- Born: February 1954 Detroit, Michigan
- Died: April 4, 2020 (aged 66)

= Allyson Carlyle =

American library science scholar and educator (1954–2020)

Allyson Carlyle (February 1954 – April 4, 2020) was a United States of America library and information science scholar, considered a leading scholar in the field of cataloging.

Carlyle was one of the initial faculty members of the University of Washington Information School, and served as the school’s first Associate Dean for Academics under Dean Michael Eisenberg. Carlyle worked to increase the diversity of the library profession, and established the Sherman Alexie and Lethene Parks Endowed Fellowship in Tribal and Rural Librarianship at the iSchool.

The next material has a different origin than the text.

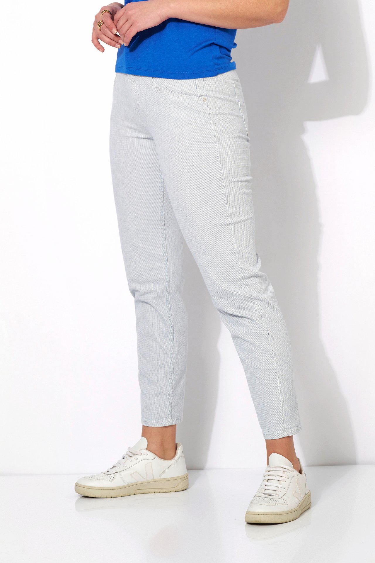 На сайте указаны российские размеры. Свободные джинсы средней посадки с тонкой полоской, средней талией и продуманным решением карманов. Длина по внутреннему шву: 74 см. Рост модели 178 см.

She was known for innovative cataloging research that focused on how users would find items, not just how librarians would organize them. In 1998 she was the recipient of the Jesse H. Shera Award for Excellence in Published Research for her article Fulfilling the Second Objective in the Online Catalog: Schemes for Organizing Author and Work Records into Usable Displays. She joined the editorial board of The Library Quarterly in 2009. She also won the OCLC/ALISE Research Paper Award in 2000, for Developing Organized Information Displays for Voluminous Works: A Study of User Clustering Behavior. She retired from the iSchool in 2018 but continued to teach cataloging there. An issue of Cataloging & Classification Quarterly was a dedicated festschrift to her.

Carlyle was born in Detroit, Michigan and raised in Montana. She earned her MLS and Ph.D. from the Graduate School of Library and Information Science at the University of California, Los Angeles, in 1994. Elaine Svenonius was her Ph.D. advisor. She served with the Peace Corps in Africa. Her longtime partner was Lisa Fusco, also a librarian and professor at UW.